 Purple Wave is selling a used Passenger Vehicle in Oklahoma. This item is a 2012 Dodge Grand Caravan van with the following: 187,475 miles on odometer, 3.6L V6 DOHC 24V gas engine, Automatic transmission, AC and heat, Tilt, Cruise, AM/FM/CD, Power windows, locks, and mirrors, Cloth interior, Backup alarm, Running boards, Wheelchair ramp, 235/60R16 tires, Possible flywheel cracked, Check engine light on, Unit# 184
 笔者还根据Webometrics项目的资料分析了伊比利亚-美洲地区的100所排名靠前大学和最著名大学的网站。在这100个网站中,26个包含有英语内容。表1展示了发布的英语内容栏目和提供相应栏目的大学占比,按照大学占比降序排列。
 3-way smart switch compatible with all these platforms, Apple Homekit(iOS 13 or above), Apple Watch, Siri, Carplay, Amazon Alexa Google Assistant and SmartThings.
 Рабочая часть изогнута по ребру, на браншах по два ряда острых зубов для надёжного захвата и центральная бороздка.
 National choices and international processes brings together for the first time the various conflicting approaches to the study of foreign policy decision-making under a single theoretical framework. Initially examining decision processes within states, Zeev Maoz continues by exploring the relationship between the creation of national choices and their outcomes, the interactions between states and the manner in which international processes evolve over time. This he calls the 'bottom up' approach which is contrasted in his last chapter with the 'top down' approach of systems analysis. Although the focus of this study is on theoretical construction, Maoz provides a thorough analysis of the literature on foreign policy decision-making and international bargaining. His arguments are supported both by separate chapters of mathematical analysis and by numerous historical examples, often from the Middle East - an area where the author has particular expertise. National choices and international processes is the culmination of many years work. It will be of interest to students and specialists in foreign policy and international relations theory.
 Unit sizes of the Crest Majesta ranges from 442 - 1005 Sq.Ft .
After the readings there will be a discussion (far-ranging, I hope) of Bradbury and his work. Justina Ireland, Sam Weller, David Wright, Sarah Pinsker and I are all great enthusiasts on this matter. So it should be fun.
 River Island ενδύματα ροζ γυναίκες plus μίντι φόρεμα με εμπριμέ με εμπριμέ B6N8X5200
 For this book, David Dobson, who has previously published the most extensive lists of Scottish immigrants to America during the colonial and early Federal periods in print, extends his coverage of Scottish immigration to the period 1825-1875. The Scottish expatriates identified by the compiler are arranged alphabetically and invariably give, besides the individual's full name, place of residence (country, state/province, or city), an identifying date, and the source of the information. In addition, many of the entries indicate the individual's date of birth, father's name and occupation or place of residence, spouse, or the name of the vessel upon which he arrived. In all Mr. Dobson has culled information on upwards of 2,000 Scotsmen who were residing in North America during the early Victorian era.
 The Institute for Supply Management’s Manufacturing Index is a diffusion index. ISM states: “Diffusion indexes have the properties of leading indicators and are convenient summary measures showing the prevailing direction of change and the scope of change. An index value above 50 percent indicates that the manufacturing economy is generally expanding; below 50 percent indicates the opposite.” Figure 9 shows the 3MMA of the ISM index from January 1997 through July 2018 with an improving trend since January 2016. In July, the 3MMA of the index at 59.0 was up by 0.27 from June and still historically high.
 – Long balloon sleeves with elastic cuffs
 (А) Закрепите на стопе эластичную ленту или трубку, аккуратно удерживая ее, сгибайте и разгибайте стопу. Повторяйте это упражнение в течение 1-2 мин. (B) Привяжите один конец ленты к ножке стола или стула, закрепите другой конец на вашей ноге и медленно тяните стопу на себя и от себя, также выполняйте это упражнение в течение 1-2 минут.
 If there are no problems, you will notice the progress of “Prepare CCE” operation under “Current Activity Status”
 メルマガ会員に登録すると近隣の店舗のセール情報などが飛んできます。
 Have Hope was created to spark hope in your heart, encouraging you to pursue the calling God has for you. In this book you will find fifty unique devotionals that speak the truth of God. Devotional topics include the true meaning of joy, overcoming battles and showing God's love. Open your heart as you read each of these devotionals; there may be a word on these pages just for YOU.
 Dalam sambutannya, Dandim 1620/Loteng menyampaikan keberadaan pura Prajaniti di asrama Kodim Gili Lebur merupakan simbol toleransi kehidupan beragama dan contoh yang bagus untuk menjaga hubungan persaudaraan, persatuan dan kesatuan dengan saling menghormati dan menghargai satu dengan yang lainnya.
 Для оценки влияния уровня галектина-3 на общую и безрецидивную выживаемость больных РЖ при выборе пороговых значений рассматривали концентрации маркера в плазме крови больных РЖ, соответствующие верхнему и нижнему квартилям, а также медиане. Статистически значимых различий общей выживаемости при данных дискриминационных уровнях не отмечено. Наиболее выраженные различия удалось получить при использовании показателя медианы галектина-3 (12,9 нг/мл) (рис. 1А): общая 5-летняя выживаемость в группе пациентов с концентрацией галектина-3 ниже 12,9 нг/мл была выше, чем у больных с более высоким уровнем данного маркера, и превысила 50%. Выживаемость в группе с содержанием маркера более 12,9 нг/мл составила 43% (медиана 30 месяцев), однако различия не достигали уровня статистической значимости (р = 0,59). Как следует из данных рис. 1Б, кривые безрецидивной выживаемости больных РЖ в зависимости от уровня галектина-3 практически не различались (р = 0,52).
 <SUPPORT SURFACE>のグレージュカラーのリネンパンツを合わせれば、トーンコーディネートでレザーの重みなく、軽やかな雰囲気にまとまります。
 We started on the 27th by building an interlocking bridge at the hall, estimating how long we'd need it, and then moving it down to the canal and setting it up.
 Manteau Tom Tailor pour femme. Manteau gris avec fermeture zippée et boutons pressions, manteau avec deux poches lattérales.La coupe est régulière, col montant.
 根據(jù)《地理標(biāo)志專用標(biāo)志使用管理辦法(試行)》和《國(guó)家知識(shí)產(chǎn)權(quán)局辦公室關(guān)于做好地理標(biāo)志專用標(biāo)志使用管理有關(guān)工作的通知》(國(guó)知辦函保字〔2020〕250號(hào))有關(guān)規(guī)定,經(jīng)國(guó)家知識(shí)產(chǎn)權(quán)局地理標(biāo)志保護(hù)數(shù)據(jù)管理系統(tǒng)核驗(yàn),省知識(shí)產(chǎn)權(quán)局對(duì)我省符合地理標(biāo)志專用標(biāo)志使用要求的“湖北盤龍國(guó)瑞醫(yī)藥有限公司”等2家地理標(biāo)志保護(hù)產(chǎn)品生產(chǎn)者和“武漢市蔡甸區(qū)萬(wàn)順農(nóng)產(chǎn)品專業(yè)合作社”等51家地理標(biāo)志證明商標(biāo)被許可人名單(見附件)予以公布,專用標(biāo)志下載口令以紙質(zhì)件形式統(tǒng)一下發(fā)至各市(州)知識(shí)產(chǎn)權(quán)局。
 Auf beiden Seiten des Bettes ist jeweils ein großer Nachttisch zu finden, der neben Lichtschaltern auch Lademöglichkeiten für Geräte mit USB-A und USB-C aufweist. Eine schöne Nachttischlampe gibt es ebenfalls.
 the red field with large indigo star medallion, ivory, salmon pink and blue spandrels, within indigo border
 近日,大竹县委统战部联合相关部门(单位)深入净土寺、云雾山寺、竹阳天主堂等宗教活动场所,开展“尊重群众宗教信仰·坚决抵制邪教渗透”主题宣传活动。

**Task directions**:
Copy out all lines from the material above that contain the string "work".

**Answer to this problem**:
 National choices and international processes brings together for the first time the various conflicting approaches to the study of foreign policy decision-making under a single theoretical framework. Initially examining decision processes within states, Zeev Maoz continues by exploring the relationship between the creation of national choices and their outcomes, the interactions between states and the manner in which international processes evolve over time. This he calls the 'bottom up' approach which is contrasted in his last chapter with the 'top down' approach of systems analysis. Although the focus of this study is on theoretical construction, Maoz provides a thorough analysis of the literature on foreign policy decision-making and international bargaining. His arguments are supported both by separate chapters of mathematical analysis and by numerous historical examples, often from the Middle East - an area where the author has particular expertise. National choices and international processes is the culmination of many years work. It will be of interest to students and specialists in foreign policy and international relations theory.
After the readings there will be a discussion (far-ranging, I hope) of Bradbury and his work. Justina Ireland, Sam Weller, David Wright, Sarah Pinsker and I are all great enthusiasts on this matter. So it should be fun.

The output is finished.